Unable to reply, Jane tipped her head upward and closed her eyes. The caress of his lips upon hers was tender and far too brief. She felt herself sway and opened her eyes to find Mr. Bingley smiling at her.

“Shall we see where my cousins lead us next, Mr. Bingley?” she asked as she returned her hand to his arm.

“Indeed, Miss Bennet.”

May you all have a very Happy Christmas and a blessed New Year!



18 Responses to A St. Stephen’s Day Outing

  1. Thank you for the perfect little Christmas treat, Bronwen. Sweet. Maybe someday you CAN work it into a longer story. 🙂

  2. Such a delightful story!! And yes, it fits Jane and Bingley to perfection!! Thank you for writing and sharing it with us!! Truly, a lovely Advent gift for us all!! 😀

    With warm Advent wishes,
    Susanne 🙂

  3. What an adorable story!!!! I practically squealed at the end of it. This is a delightful Bingley. Any chance you might turn this into something a bit longer? (Please say yes, please say yes!)

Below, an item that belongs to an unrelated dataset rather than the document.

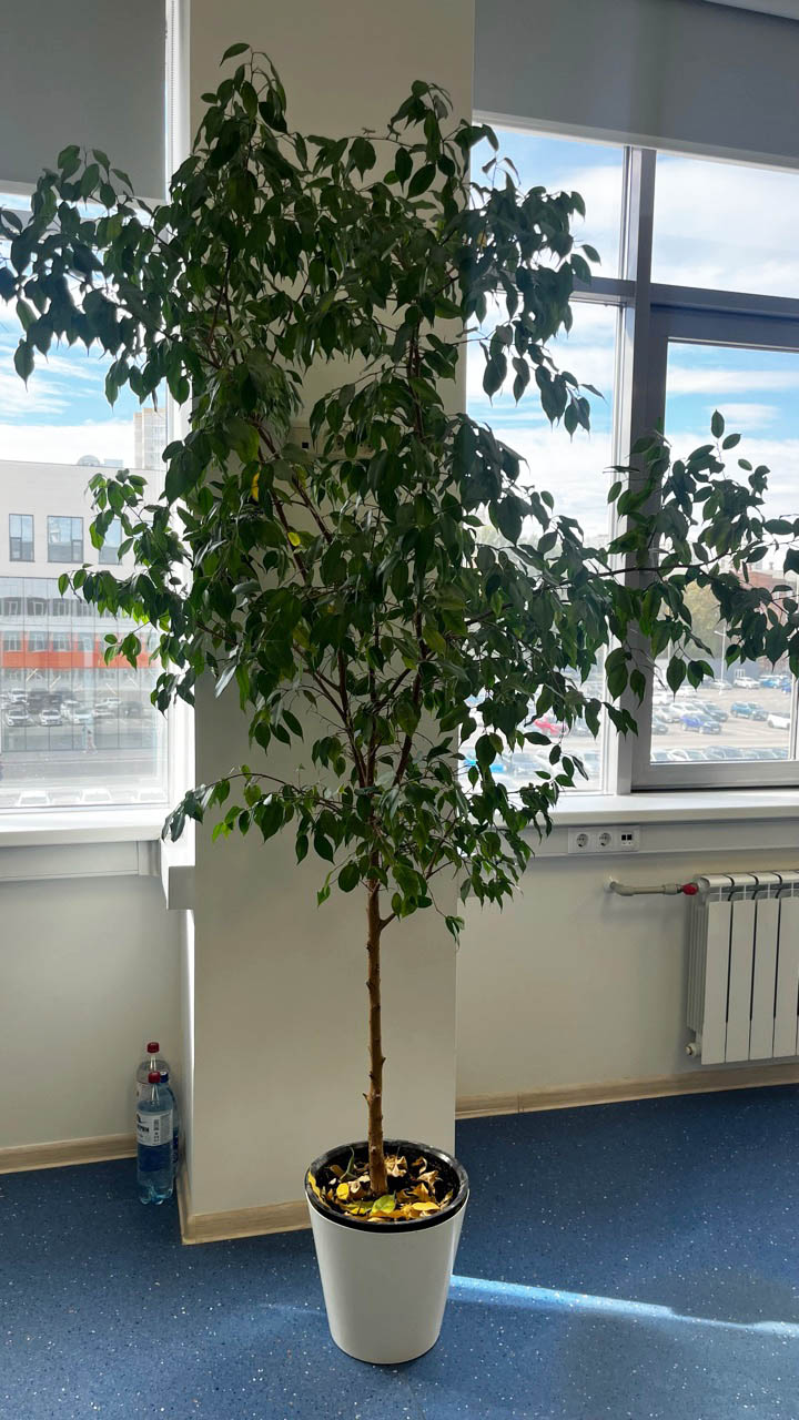 Фикус Бенджамина — одно из моих любимых растений. Не требует особого ухода, но очень красив. Я часто добавляю его в композиции, чтобы создать яркий акцент.
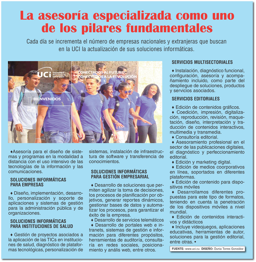 La Universidad de las Ciencias Informáticas (UCI) desde su surgimiento, en el año 2002, se distingue por sus buenas prácticas en la producción de aplicaciones y servicios informáticos que han contribuido en la calidad del trabajo en diferentes sectores de la economía, dentro y fuera de Cuba. Con solo 16 años de experiencia, su alcance va más allá de las actividades docentes. Actualmente cuenta con un catálogo comercial con productos desarrollados sobre plataformas de software libre y avalados por la certificación internacional Nivel II de CMMI (modelo de mejora del rendimiento de clase mundial para organizaciones competitivas que desean lograr operaciones de alto rendimiento).

    • Thank you. I will not give a definite no, but it does not fit into any of the stories I am currently writing. There is always a chance that it will come to mind again in the future and I will do something with it.

  4. Sigh, how adorable. I just love those mischievous kids. Poor Jane will eventually have to mention Caroline’s letter and the reference to Miss Darcy. Poor Bingley. I am glad he followed his own inclinations and his heart. This was adorable. Thanks for sharing with us.